I realize how dumb, how simple, this sounds. But hear me out. You, if you’re anything like me, always have your phone on you or, at least, near you. Which means when you are with your sister or brother or mother or uncle or boss or veterinarian and you hear them mention something they wish they owned or are in need of … you can just jot it down in your Notes app. In July. In January. In May. And that way, the next time you need to buy your sister or brother or mother or uncle or boss or veterinarian a gift, you’ll have a starting point.

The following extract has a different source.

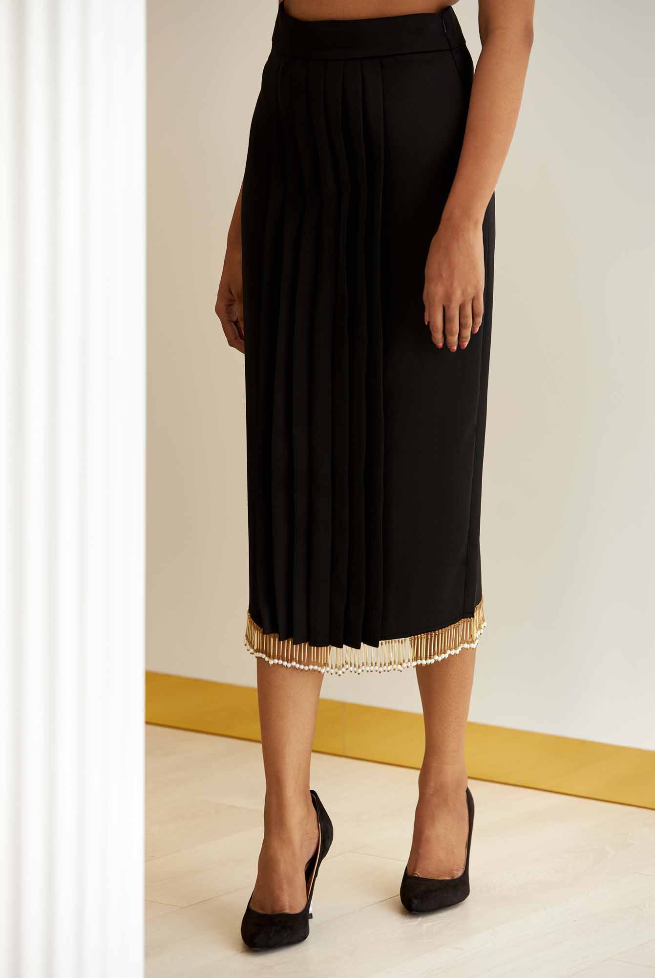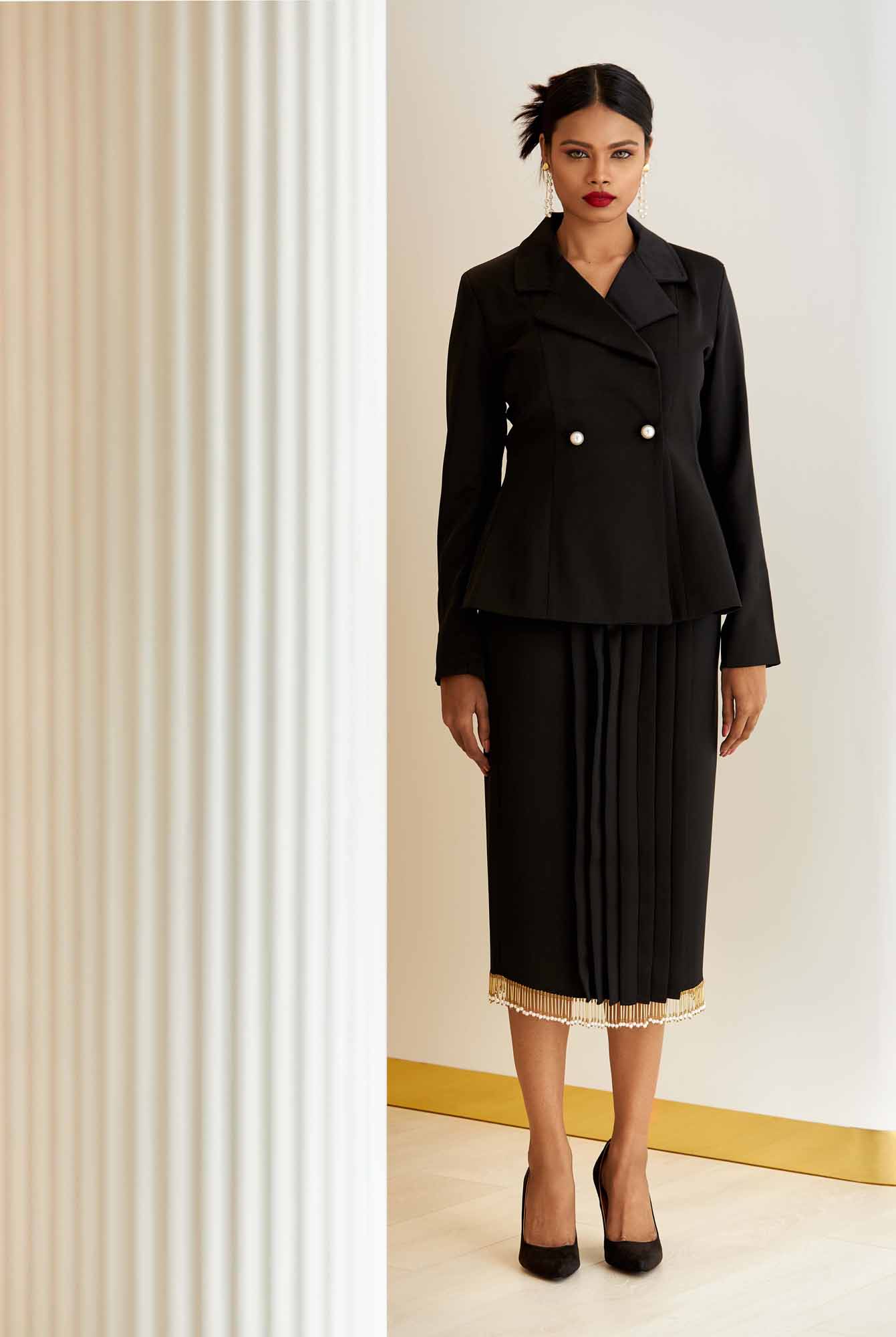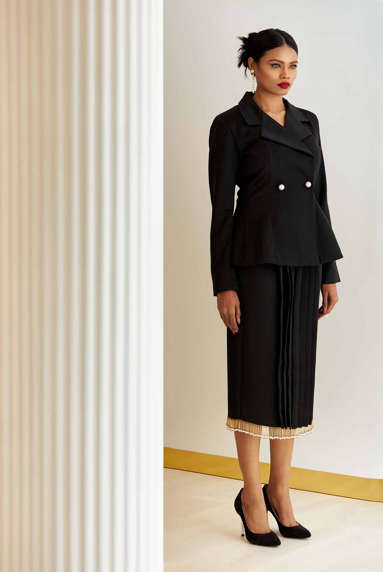 Our pencil skirt is inspired by 50s darling Dorian Leigh’s stunning attires and their graceful fluidity.  It is crafted to a slim shape with hand-made pleats lined in the centre front to mimic the pleating seen on the façade of a shell. The glamour quotient is boosted through embellishment with artificial pearls, glass beads and pipes along the bottom hem.
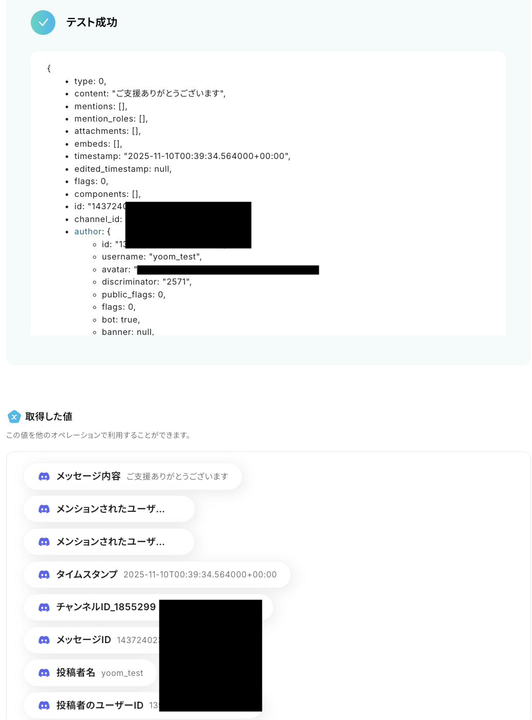 以下の画像の取得した値はこの後のステップで使用することができます。

Right now in my Notes app, I have ideas that include a particular magazine subscription (not New York, though that would be an excellent, if lazy, gift), a set of plastic wineglasses for a friend who likes to drink in her pool, and some niche socks. When these people’s birthdays roll around, this is what they’ll be getting. (Assuming I didn’t already use those ideas up on Christmas and Hanukkah.)

The thing is that you’re not even really stressed about gift giving. (There are obvious caveats here, like being in a financial position to give gifts at all and being able to cut yourself a break if you’re not.) You’re stressed because you’re ill prepared to gift give. The Notes App strategy eliminates that issue. And I’m sure Apple will be thrilled to hear at least one person is using the dumb thing for actual productivity purposes rather than its traditional use cases, celebrity apology and breakup notes.